Items listed in a dataset —
*-*-*

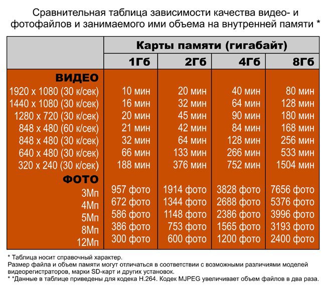 Сравнительная таблица зависимости качества видео- и фотофайлов и занимаего ими объема на внутренней памяти
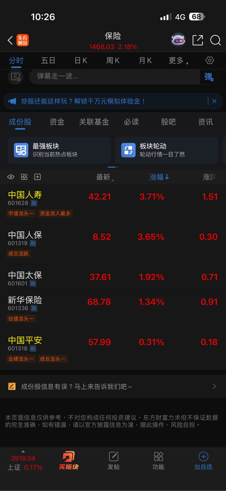 $中国平安(SH601318)$ “龙头”呵呵,真的很讽刺,保险涨上去了,你1%都没有的龙头?哈哈,平安现在的水平怎么这样了,还是这就是平安的水平
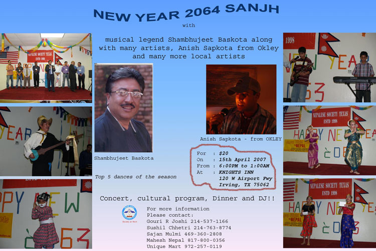 Dear Friends & Families, Nepalese New Year 2064 is around the corner. Nepalese Society Texas is going to host an event and celebrate this occasion with community members on 15th April 2007. I would like to request all of you to come and celebrate this event with Nepal's top musical legend "ShambhuJeet Banskota" and Anish Sapkota from Okley Band. We also would like to request for your help to make this program successful . Please spread the news and also distribute this attached flyer in your networks of friends. Below is the summary of the programs. Door Opens: 6 PM Program time 7 PM - 10 PM DJ Afterward. Entrance Fee: $20.00 Program Includes: Cultural Program, Dinner, Musical Night with Shambhujeet Banskota & Anis Sapkota from Okley Band and DJ Venue: Knights Inn 120 W Airport Fwy Irving, TX 75062 Please visit www.nepalesesociety.org for more details. As always, thank you and looking forward for your help. Happy New Year 2064!!
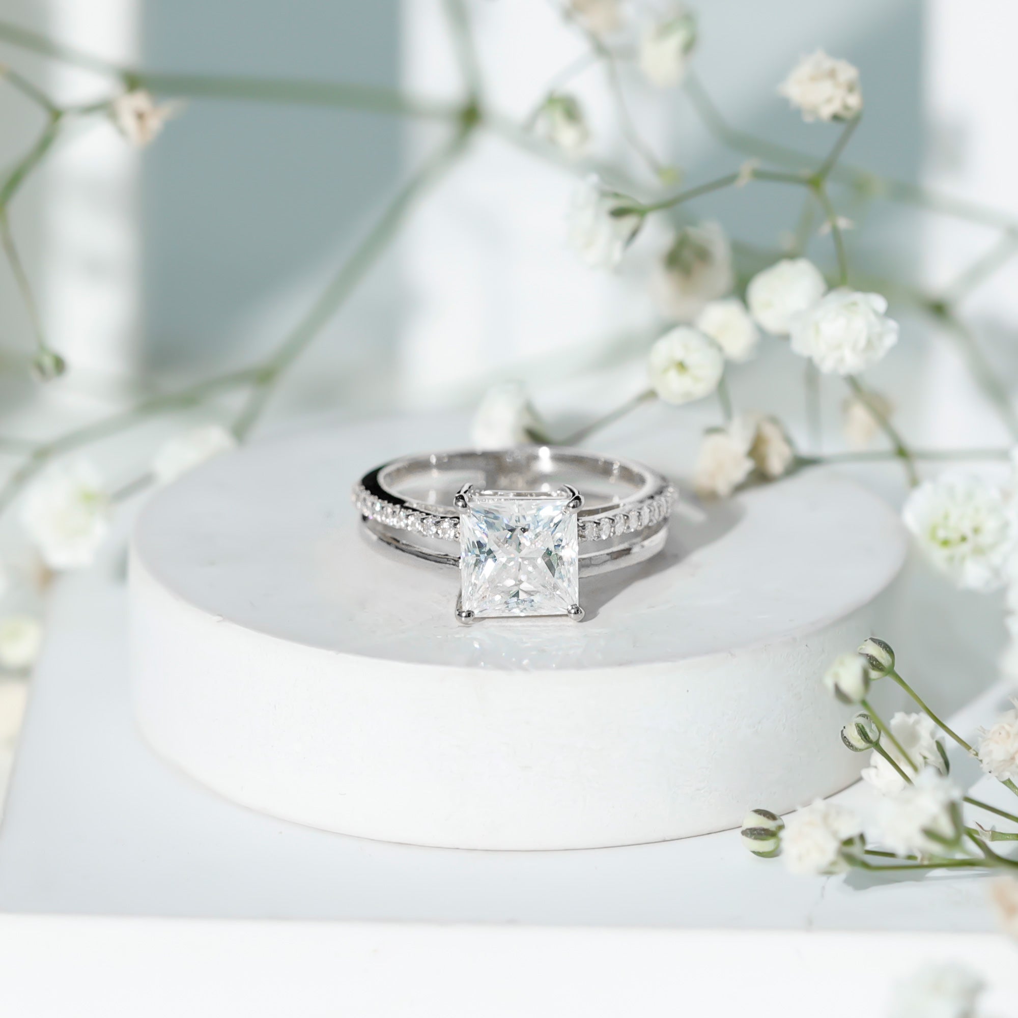 Princess Cut Solitaire Moissanite Double Band Engagement Ring
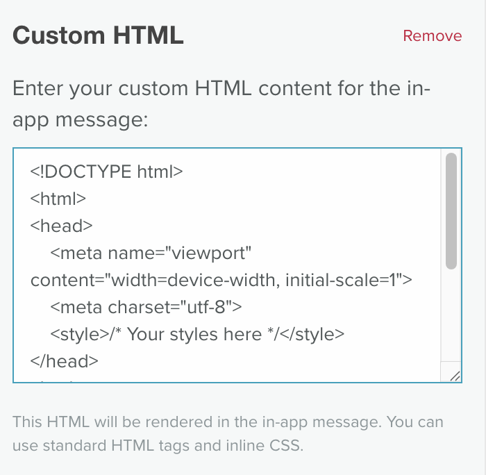 While you can enter any custom HTML into the text box, there are best practices and limitations to keep in mind for creating In-App messaging. See the Best Practices for HTML in Mobile Messaging documentation for more information.
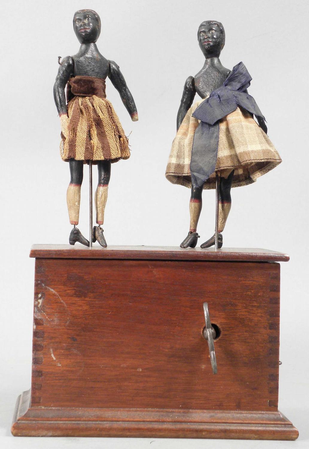Clockwork Black Americana Dancers. Original decal on walnut base. Some tattered clothing and missing hats otherwise good working condition, comes with key.
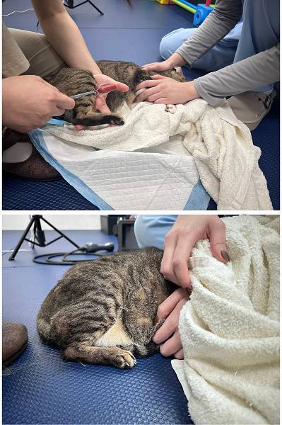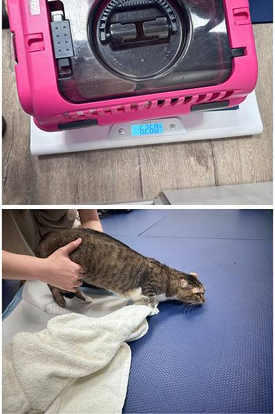 住院至2024年6月11日,羅賓已可自己吃足夠的飯,不須再裝餵食管,也能前手支撐自行移動爬至貓砂盆大小便,右後腳背處傷口已癒合,也不需再清潔換包紮,當天辦理出院接回安養之家照顧。
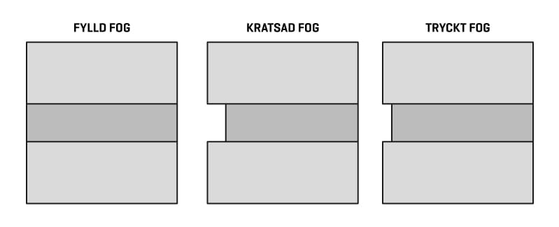 Nedan ses de mest använda tegelförbanden i Sverige. Det finns mer än 40 olika förbandstyper att välja mellan, där komplexhöjd, komplexbredd och rapport har definierats.
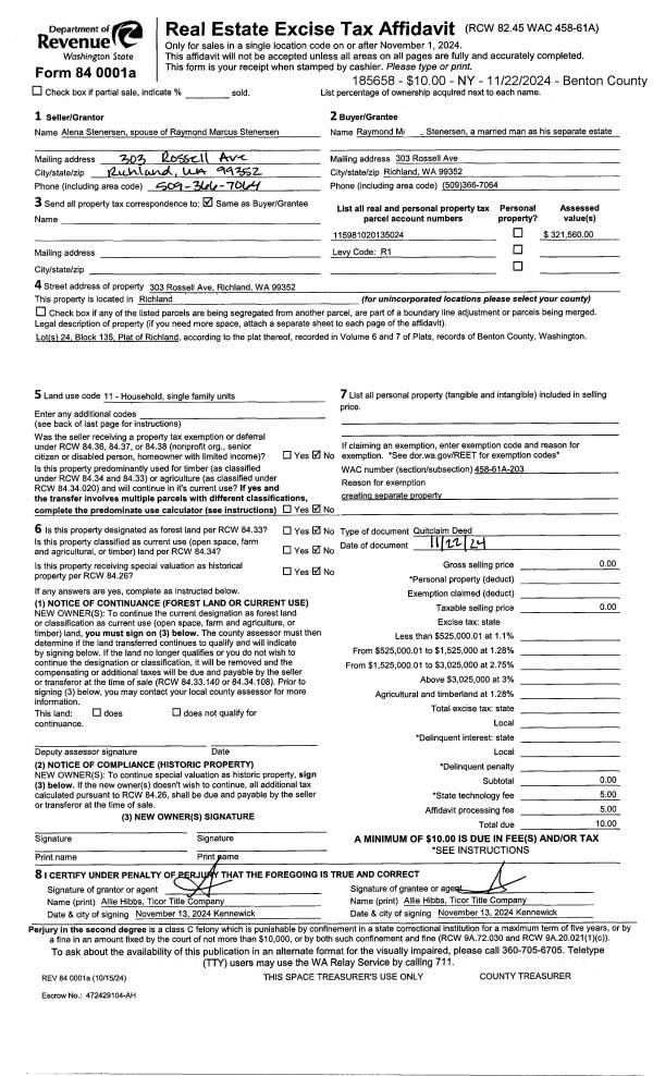 | Mailing Address: | 303 ROSSELL AVE RICHLAND, WA 99352 | % Ownership: | 100.0000000000% |
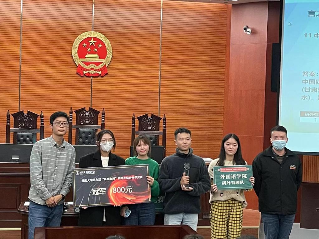 第九届“研知有理”综合知识竞赛决赛在重大B区第二综合教学楼314成功举行。我院代表队——研外有理队由一名智囊团成员和五名参赛队员组成。智囊团成员为罗啸天,五名参赛队员分别是权杰、刘畅润、邱雨涵、张一诺和王少聪。经过激烈角逐,我院代表队从8支学院代表队中脱颖而出,摘得冠军头衔。

*-*-*

Your goal — Keep to the lines above from the line with "Clockwork Black Americana" to the line with "Ownership: | 100.0000000000% |", and set down exactly those, inclusive, with nothing else and every picture left out.

Result of the task —
Clockwork Black Americana Dancers. Original decal on walnut base. Some tattered clothing and missing hats otherwise good working condition, comes with key.
 住院至2024年6月11日,羅賓已可自己吃足夠的飯,不須再裝餵食管,也能前手支撐自行移動爬至貓砂盆大小便,右後腳背處傷口已癒合,也不需再清潔換包紮,當天辦理出院接回安養之家照顧。
 Nedan ses de mest använda tegelförbanden i Sverige. Det finns mer än 40 olika förbandstyper att välja mellan, där komplexhöjd, komplexbredd och rapport har definierats.
 | Mailing Address: | 303 ROSSELL AVE RICHLAND, WA 99352 | % Ownership: | 100.0000000000% |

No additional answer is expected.